Audio Example 6. 1974 (2:26–2:48)

[5.13] The sound of the A-E perfect fifth is striking in that it is an unusually consonant interval for a sustained sound in Novara (compare with the relatively dense, dissonant chords created by sustaining the notes of 2-1, or of 3-2 and 3-3 discussed above), but it also recapitulates a similar moment from earlier in the piece. Audio Example 6 gives a brief passage also based around material from page one in which the same flute note in the same event is sustained alongside the pitch A, this time supplied by the trumpet, rather than the bass clarinet (third note from right in the score, event 1-1). Just as in the previous example, this sonority is followed by event 1-2, with the piano seeming to pick up the flute’s pitch. Furthermore, both moments result not from the vertical alignment suggested in the score, but rather from the conductor’s specific cueing, which itself appears to be motivated by the availability of certain notes within the notation. It is an intensification of the second strategy, in which a memorable musical moment that appears nowhere in the score has been intentionally conjured at multiple points in the performance, by multiple means.

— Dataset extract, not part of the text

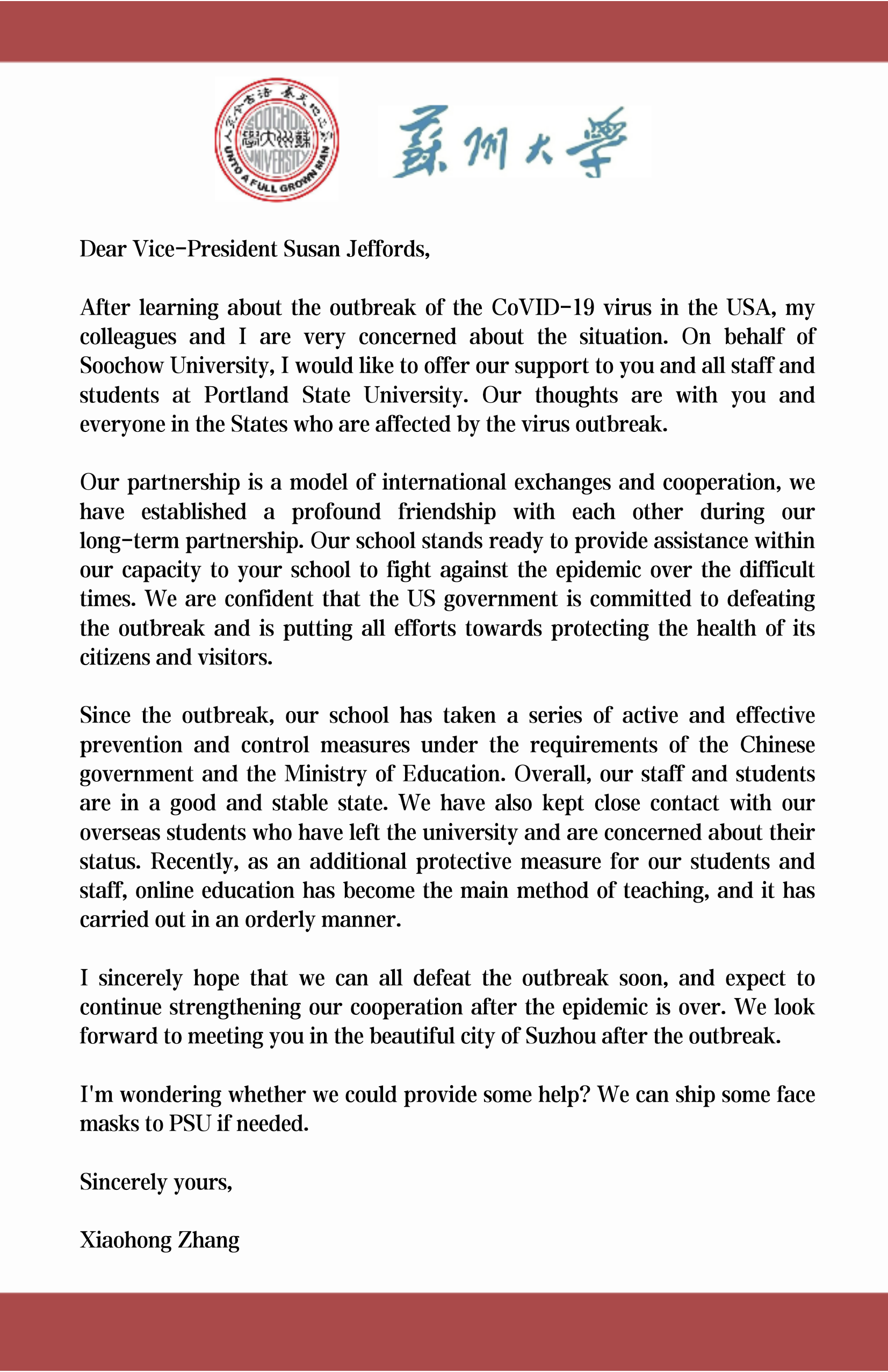 3月初,当美国俄勒冈州因疫情冲击而宣布进入紧急状态时,我校党委常委、副校长张晓宏在第一时间向波特兰州立大学教务长兼学术事务副校长Susan Jeffords致信问候,表达对波特兰州立大学全体师生的诚挚慰问,并表示苏州大学非常愿意助力波州大共渡难关。
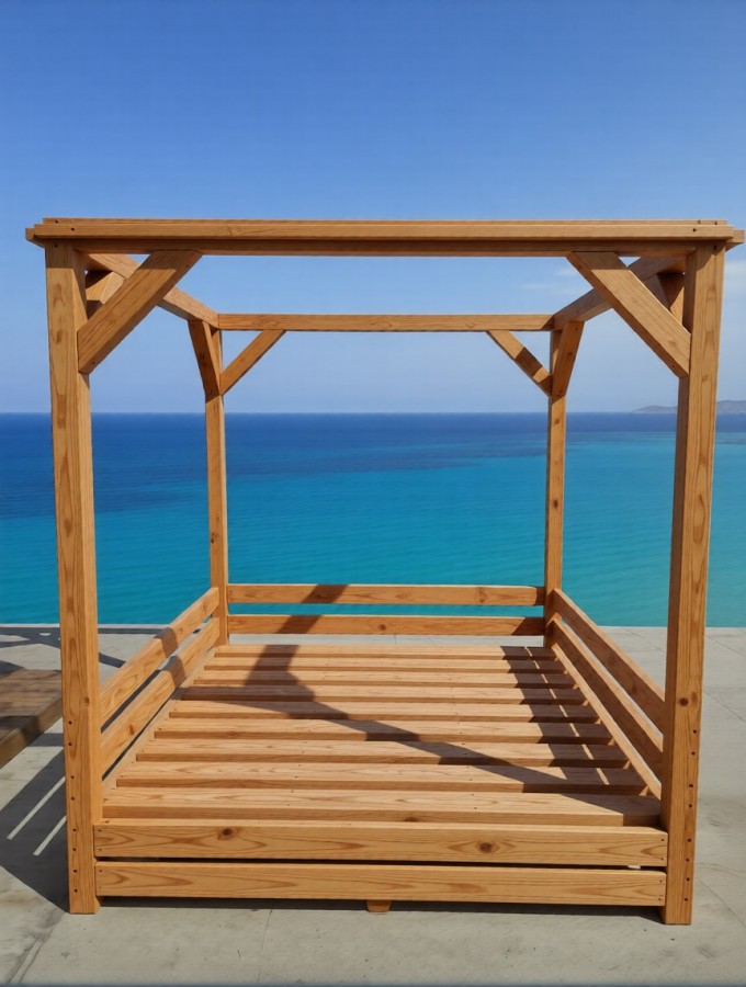 Качественная древесина обработана специальной пропиткой, защищающей её от негативных погодных явлений, солнечных лучей, насекомых.

A New Concept of Continuity

[6.1] The reappearance of material throughout the performance of an open form work—whether entire pages, events, or brief moments as described above—suggests a variety of potential relationships that can support an overall formal logic and coherence. That these links point in multiple directions—both in terms of the musical parameters with which they engage and their specific realizations—once again resonates strongly with Kramer’s formulation of multiply-directed linear time. As Kramer observes:

In order for us to experience the reordered linearity that is the essence of multiple time, we must be able to comprehend the function of a musical gesture even when it occurs in the ‘wrong’ part of a composition. Thus in multiple time we encounter such intriguing anomalies as an ending in the middle of a piece, several different continuations of a particular passage, transitions that are broken off, and so on. (1981, 545)

[6.2] By outlining a trajectory from sustained chords to percussive rhythms in Audio Example 2 with the placement of events 3-4 and 3-5, the conductor suggests a normative function for these two events. Yet both events also occur outside of this transitional context—even immediately following 4-2, rather than preceding it as in Audio Example 2 (this example will be discussed below). The sense of multiple time is contingent upon the conductor’s ability to establish the function(s) of the event or event chain, after which point it may be heard “multiply” in other contexts—including, perhaps, in other performances—its implicit resolution(s) no less clear, but drastically reordered.

Audio Example 7. 1974, (12:42–13:00)

[6.3] Similarly, event 1-1 is played several times throughout the 1974 recording, yet in most instances it proceeds straight through, without either the perfect fifth described above, or the subsequent transition to event 1-2 (Audio Examples 5 and 6). This moment is not a function of any single event as notated in the score, but through the conductor’s repeated interventions, it comes to be perceived as the goal of the preceding material. The multiple-directedness of the performance emerges through the listener’s experience of either resolution or frustration as the conductor continually reframes the same musical event in different ways. Audio Example 7 gives the final eighteen seconds of the 1974 recording, which concludes with event 1-1 (given above as part of Example 11). In this presentation of the event, the conductor ends the event early as before, but this time on different notes: the flute is on E4 (four notes before the E5 in the earlier examples), the trumpet is on concert Aflat4 (one note before the concert A4), and the bass clarinet is on a concert D3 (two notes after the concert A3). After hearing the same material resolve twice to the A-E perfect fifth earlier in the piece, the resolution of the pointillism of event 1-1 into these particular sustained tones sounds “wrong” to me (and not just because it sounds like a dominant-seventh chord). I hear the resolution elsewhere, even though the piece has ended.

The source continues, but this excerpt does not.